Over at Coming Soon they have an excellent interview with some of the Effects team from the Chronicles of Narnia movies and a few shots of some of the creatures. It’s definitely worth a read, but for me the main part of it all was the complexity and the blend of CGI and real effects.
Howard Berger: We pulled every trick out of the bag. We had prosthetic stuff, heavy or light prosthetics, full suits, mechanical heads, background heads, puppets, etc. We used everything to just make it all work. Also, it’s nice talking about the digital thing. If the audience sees that there’s an actor in makeup yet he has dog-jointed legs, it might throw them off, thinking “That’s not a full digital character, so how are they going about that?” I think that’s where that plays best, instead of having a full CG creature running around. I think it’s much more believable to have that human aspect.
Dean Wright: The challenges in this film are immense in that you’ve got not only thousands of creatures that have to attack each other and look believable, but the variety is much greater scope than we had to deal with on the “Rings.” On this, there’s 20-30 different creatures that could be battling in a scene at any one time, and each of them have their own unique attributes in terms of how they walk, move, bite.
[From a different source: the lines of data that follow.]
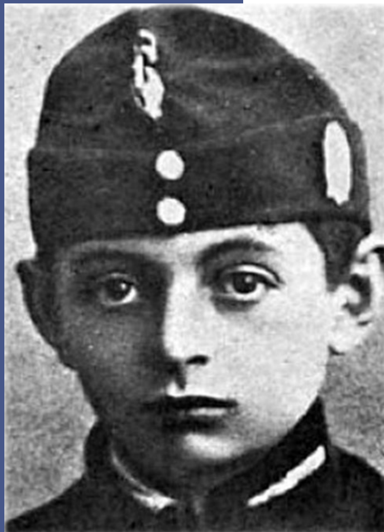
Antonii Petrykiewicz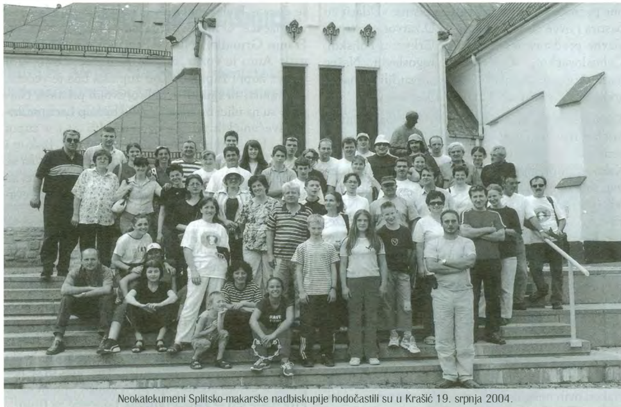
Neokatekumeni Splitsko-makarske nadbiskupije hodočastili su u Krašić 19. srpnja 2004.

kate ovdje? Biskup je već u Purgu!» Radi mnoštva ljudi nisu se komunisti usudili napasti biskupa kod kapele, nego su dobili novo naređenje, da ga dočekaju na putu, kada se bude vraćao u Lepoglavu na objed.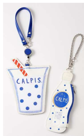
ダイカットバスケース ¥2,484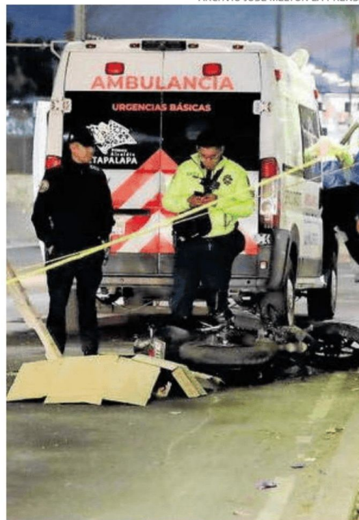
Los motociclistas son los más lesionados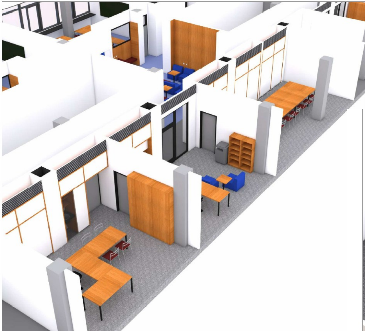
Vizualizace návrhů místností prezentovaných ve studii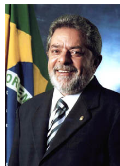
Lula Da Silva

Über die brasilianische Wirtschaft sollten Sie sich soviel merken: Die einst berüchtigten Schulden- u. Währungsprobleme gehören schon lange der Vergangenheit an. Heute gibt es einen grundsoliden "Real" und einen tollen Präsidenten, der zwar so rot ist wie Oskar Lafontaine, aber zum Segen aller tätig ist, inclusive der Staatskasse u. der Unternehmer. So hat "Lula" die IWF-Kredite vorzeitig zurückgezahlt, dabei fast eine Milli-arde Zinsen gespart und außerdem die Konjunktur so weit belebt, daß seit seiner Amtseinführung 2002/03 die Zahl der Arbeitsplätze um 4 Millionen anstieg.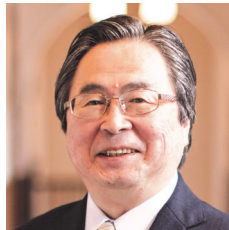
同志社女子大学 学長 加賀 裕郎 (かが ひろお)

京都大学大学院文学研究科宗教学 (仏教学) 専攻博士課程単位取得満期退学、文学博士、2007 年 4 月より現職、専門はインド仏教学、主な著書に『中観莊嚴論の研究—シャーンタラクシタの思想』(文栄堂、1985 年) 他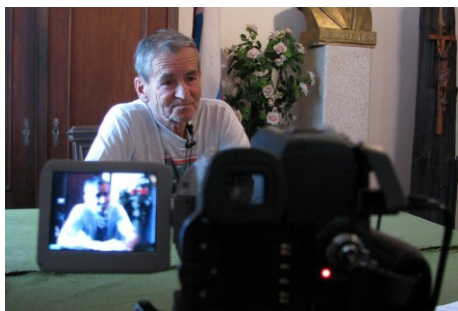
Zaznamenávame spomienky pamätníkov ktoré chceme uchovať pre ďalšie generácie.

NSS je pre členov NSS len nástroj na dosiahnutie vyšších cieľov, nie je to len náš stupeňok pre ďalšiu politickú kariéru. Preto nie sme nútení strácať svoju tvár pre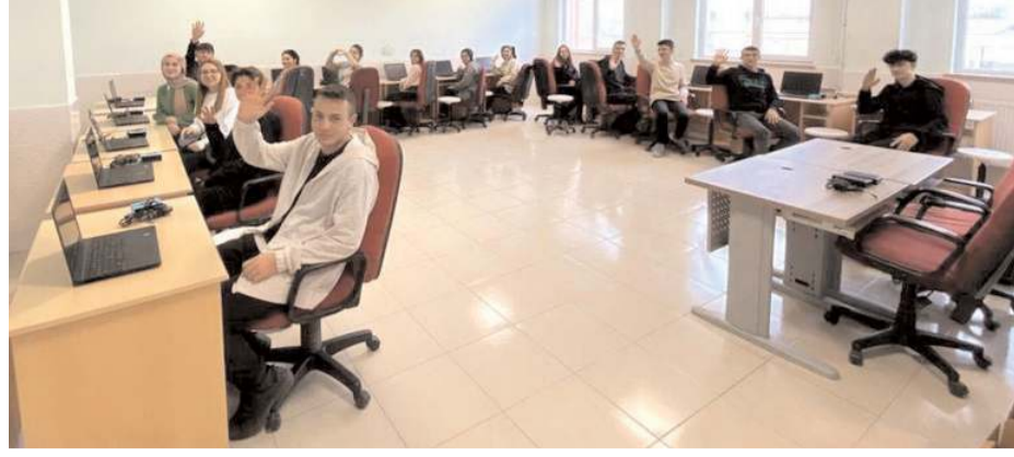
TÜPRAŞ tarafından Sungurlu Fen Lisesi'ne 15 adet dizüstü bilgisayar hibe edildi.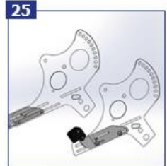
25 Laikiklis priedams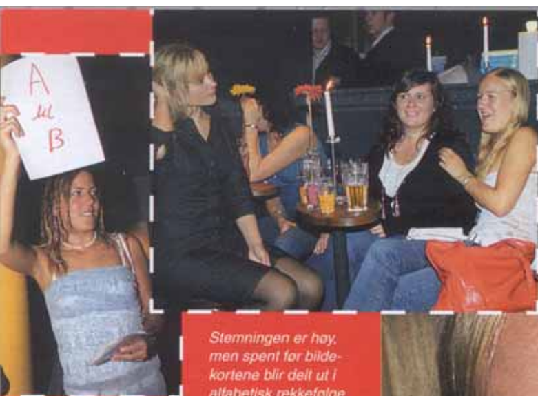
Stemningen er høy, men spent for bildkortene blir delt ut i alfabetisk rekkefølge.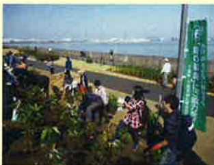
うらやす絆の森・植樹祭(浦安市)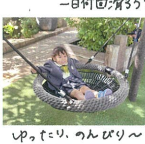
「上がったリ、のんびり〜」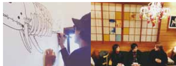
カフェ店内には美術館で観る作品のアーティストたちが隣の席に。アーティストがオーナーならはのカフェ。

「おしゃれ!」アートカフェ TOAST AND HONEY について教えてください。JR成田線下総松崎駅から徒歩30秒の場所にあるアートとコーヒーのアートカフェです。ここは長い間使われていなかったうどん屋を解体等でのリノベーションは行わず、その場所に残る歴史を紐解き、その場所にコンセプトを持たせコンバートさせる(用途を換える)。眠っていた場所を目的の場所を再生することです。ここで集まる場として発信しています。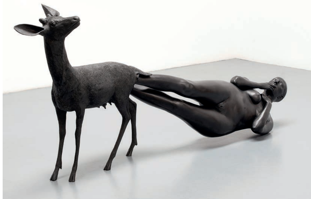
De gauche à droite : Sainte Geneviève. 1999. Encre sur papier Nepal. 272 x 215 cm. Born. 2002. Bronze. 100 x 256,5 x 61 cm. © Kiki Smith ; Court. Galerie Lelong)

That was during the AIDS crisis. It wasn't the reason why I did it. It was more to have a different connection to a body rather than just my own subjective. It was very interesting to listen to something from a medical perspective. I had taken advanced lifesaving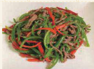
牛肉とピーマンの細切り炒め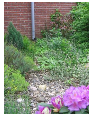
afgekoppelde regenpijp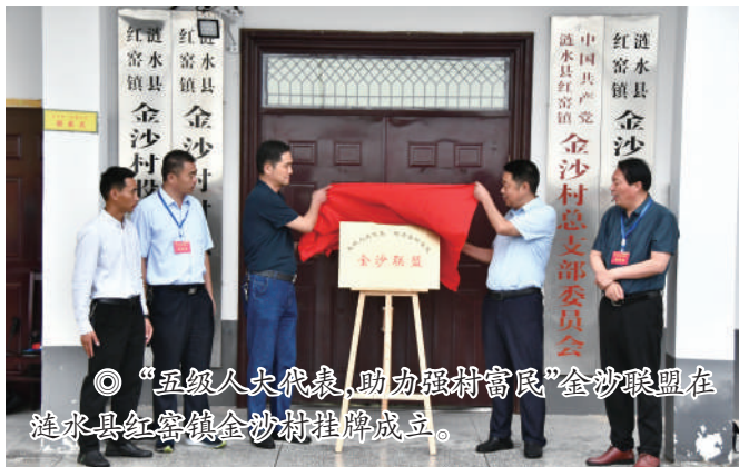
◎“五级人大代表，助力强村富民”金沙联盟在涟水县红窑镇金沙村挂牌成立。

委会组建了11个代表帮促联盟，开展“三亮三争”工作，即亮身份，深入一线、进村入户，争当依法履职的模范；亮项目，带头致富、带领致富，争当强村富民的模范；亮承诺，围绕中心、服务大局，争当助力发展的模范。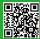
體育科: Baby shark challenge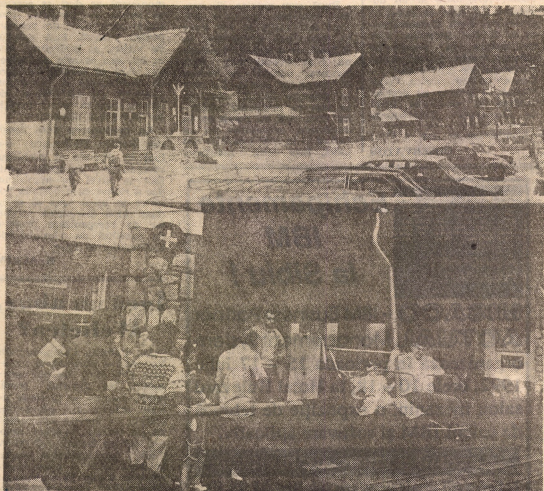
Idee pentru concediul dumneavoastră

Informații suplimentare se pot obține de la Asociația „Umanitas” din Sibiu, Piața Mică nr. 16, sau telefon 92/41 81 04, (nu 92/41 31 04 cum a apărut din greșeală anterior) în zilele de luni, marți, joi și vineri, orele 10—14.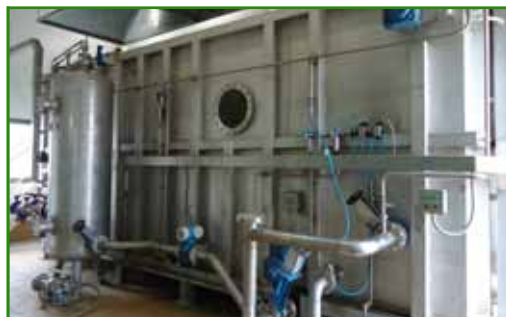
Рис. 2. Флотационная установка

является практически безальтернативным решением, сочетающим в себе высокую гидравлическую нагрузку, компактность и эффективность очистки.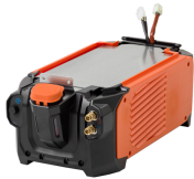
Master Cooler 05M

Koelunit voor eenvoudig, snel en handig koelvloeistof vullen met geïntegreerde led-verlichting voor koelvloeistofniveaus.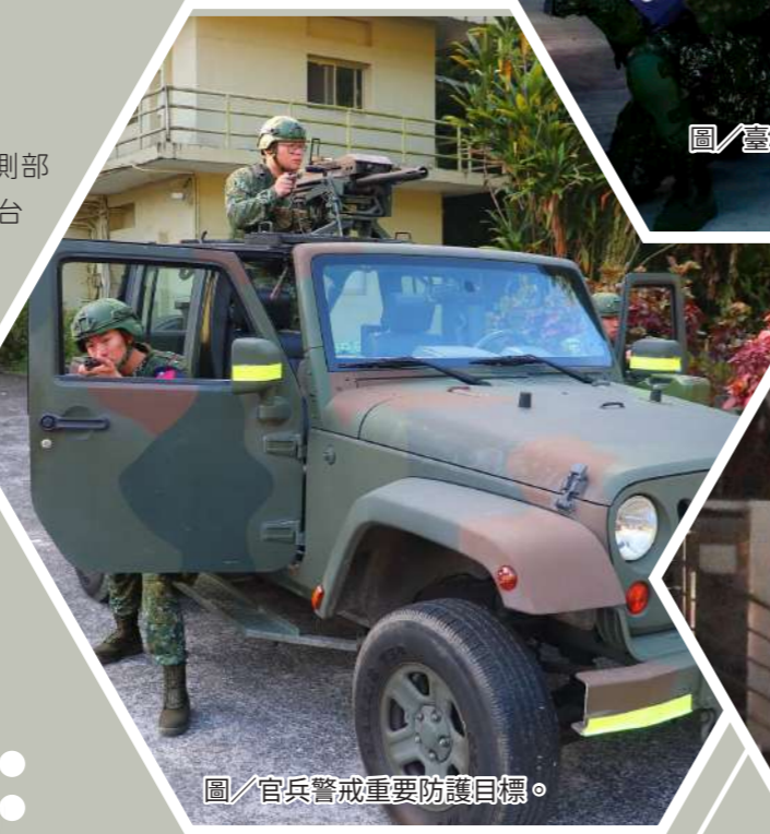
圖/官兵警戒重要防護目標。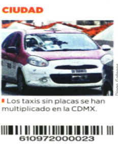
Los taxis sin placas se han multiplicado en la CDMX.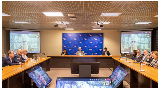
Encontro empresarial levou propostas de políticas públicas de sustentabilidade para os governos eleitos em 2022

encontro empresarial com os governos eleitos para reforço e discussão dos pleitos e estratégias para sua operacionalização.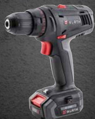
ACCU BOOR-SCHROEFMACHINE ABS 12 COMPACT M-CUBE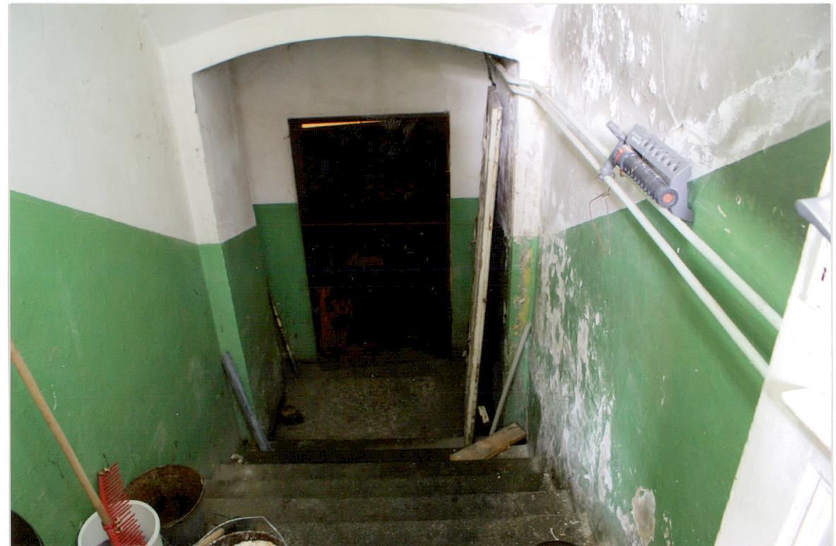
Fot. 9 Schody do piwnicy.

It would create an enormous challenge to the developers to allow us to create these battle sequences and make them be believable.
The big thing for me is the blending of the effects, seeing a creature where the main part is physical effects and the rest is CGI will add tons to the believability. Superb news and it’s just getting me more and more excited.
They say that in Rings it was much easier because the huge battles scenes were all thousands of the same creature, in Narnia that figure of 20-30 different creatures in the same sized battle scenes is pretty immense. Imagine the complexity of those scenes.
These things are just amazing, more leaps forward to bring us some of the best stories every that could never have been given justice on the big screen before. What do you think, are these developments a good thing?